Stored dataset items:
----

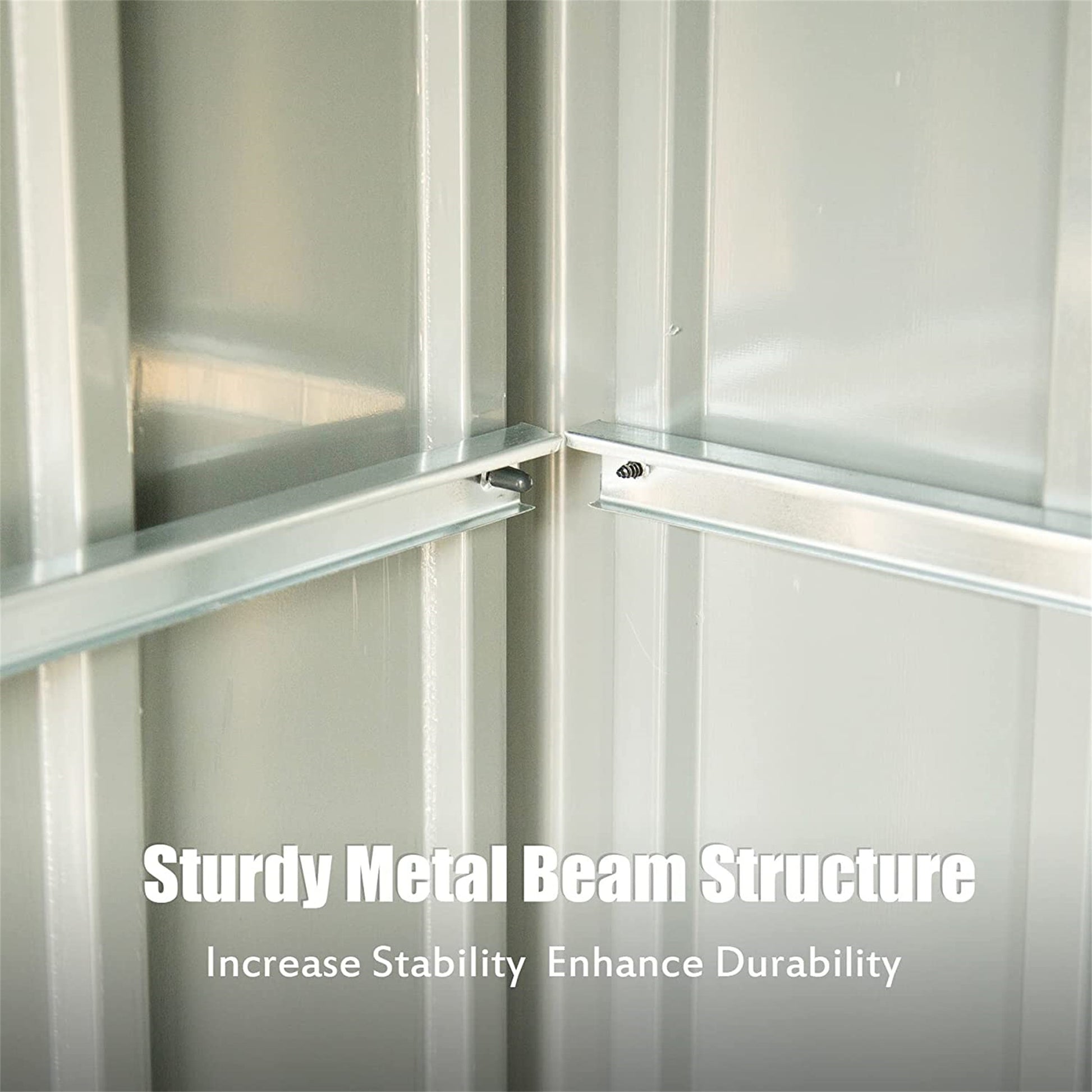 High-quality Material: The tool shed is made of high-quality galvanized metal, which is anti rust and corrosion. Leak resistant top with tight construction, and thick walls with dent resistant durability enable it to last for many years without maintaining.
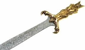 Collectible short sword featuring solid metal handle parts cast with intricate details and plated w/ 24k gold. The Damascus-etched blade is 420J stainless steel. Includes solid wood display plaque. Limited to 2400 pieces.
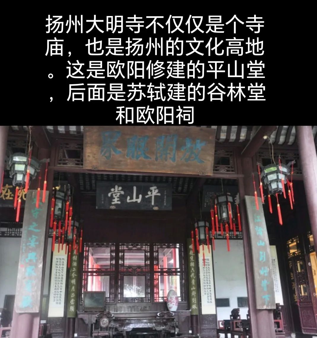 2. 大明寺(包含平山堂)。大明寺不仅是个寺庙,也是一处园林,更是扬州的文化高地,康熙乾隆下江南,来到扬州都要去平山堂。大明寺里还有鉴真纪念堂、欧阳修平山堂、苏轼谷林堂、天下第五泉、康熙和乾隆御碑亭、栖灵塔、石涛墓等景点。
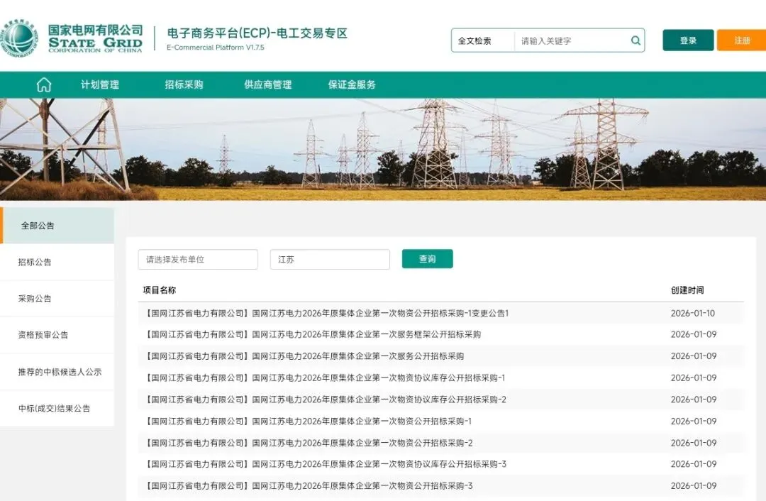 国网江苏电力2026年原集体企业第一次物资公开招标采购-3招标公告
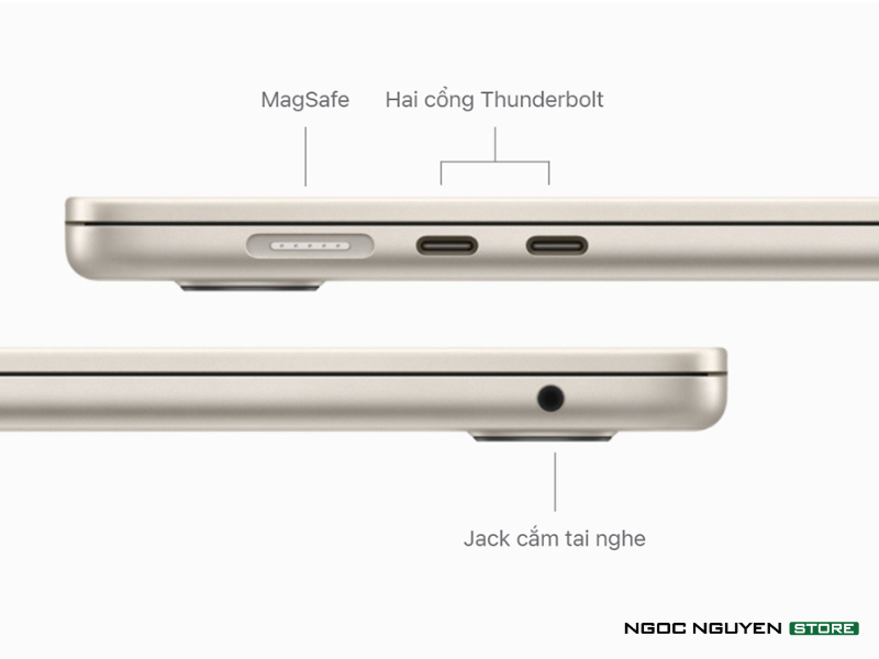 Cổng giao tiếp Thunderbolt 3 hỗ trợ kết nối phụ kiện với tốc độ cao, kết nối với màn hình độ phân giải lên tới 6K và cũng có thể sạc máy khi bạn quên đem theo sạc của máy. Sạc nam châm MagSafe 3 dễ dàng cắm vào, rút ra, phòng tránh các sự cố rơi làm rớt máy.
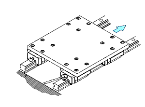仿效基準測滑軌法 將基準測滑軌的兩個滑塊及從動側滑軌其中一個滑塊固定于平臺,再將從動側的滑軌及另一個滑塊約略分別固定于機臺及平臺,以基準測滑軌為準移動平臺,從滑軌一端開始,邊確認從動側滑軌的滾動阻力,邊依序以特定的扭力鎖緊裝配螺絲。 |
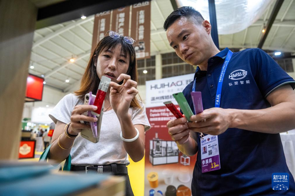 7月24日,在第八屆南博會咖啡產業館,一名買家向展商咨詢咖啡包裝設備。新華社記者 胡超 攝
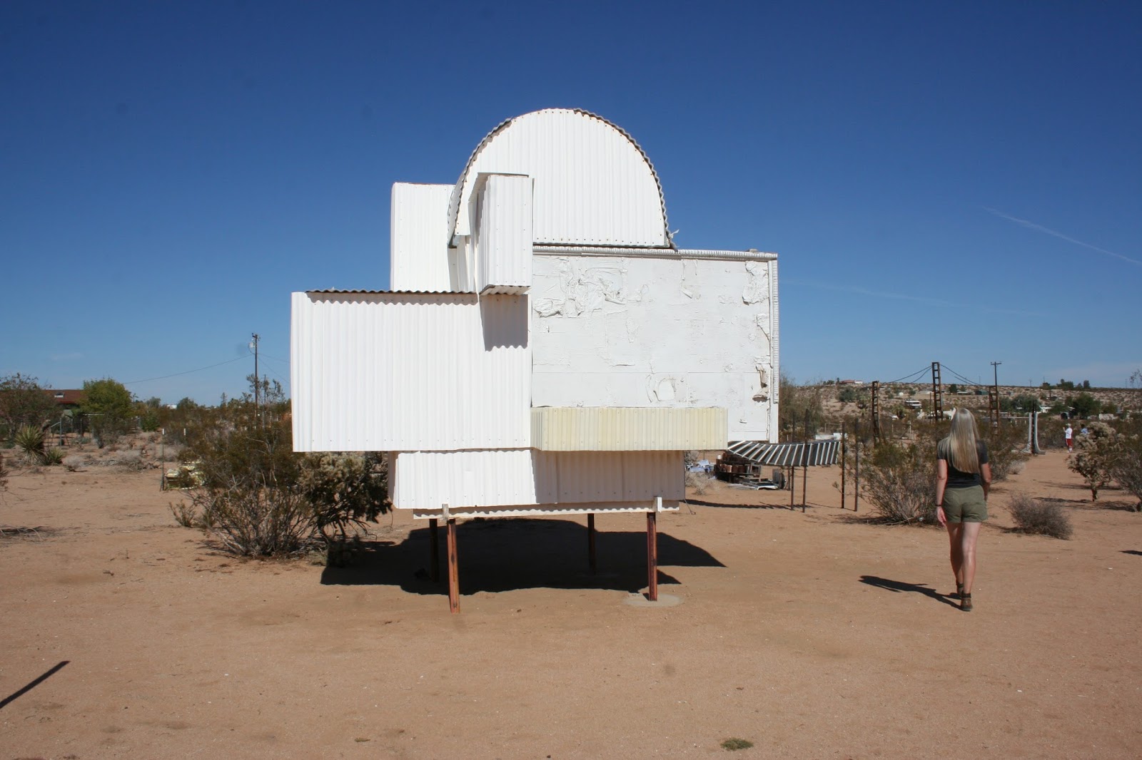 In 1938 Congress passed the Small-Tract Homestead Act, giving away five-acre parcels of land to those who agreed to build a small, habitable structure within two years. The scheme didn’t really take off until after World War II; but once that was out of the way, there was a minor building boom in the Mojave. People like things that are free. Some built their own cabins from scratch. But local contractors also came up with schemes for ready-designed buildings that fit the government guidelines.

----

**What this task involves**
Print the stretch of the data from the line with "7月24日,在第八屆南博會咖啡產業館,一名買家向展商咨詢咖啡包裝設備。新華社記者 胡超 攝" through its last line, exactly and with both ends kept. Omit pictures.

**Your response**
 7月24日,在第八屆南博會咖啡產業館,一名買家向展商咨詢咖啡包裝設備。新華社記者 胡超 攝
 In 1938 Congress passed the Small-Tract Homestead Act, giving away five-acre parcels of land to those who agreed to build a small, habitable structure within two years. The scheme didn’t really take off until after World War II; but once that was out of the way, there was a minor building boom in the Mojave. People like things that are free. Some built their own cabins from scratch. But local contractors also came up with schemes for ready-designed buildings that fit the government guidelines.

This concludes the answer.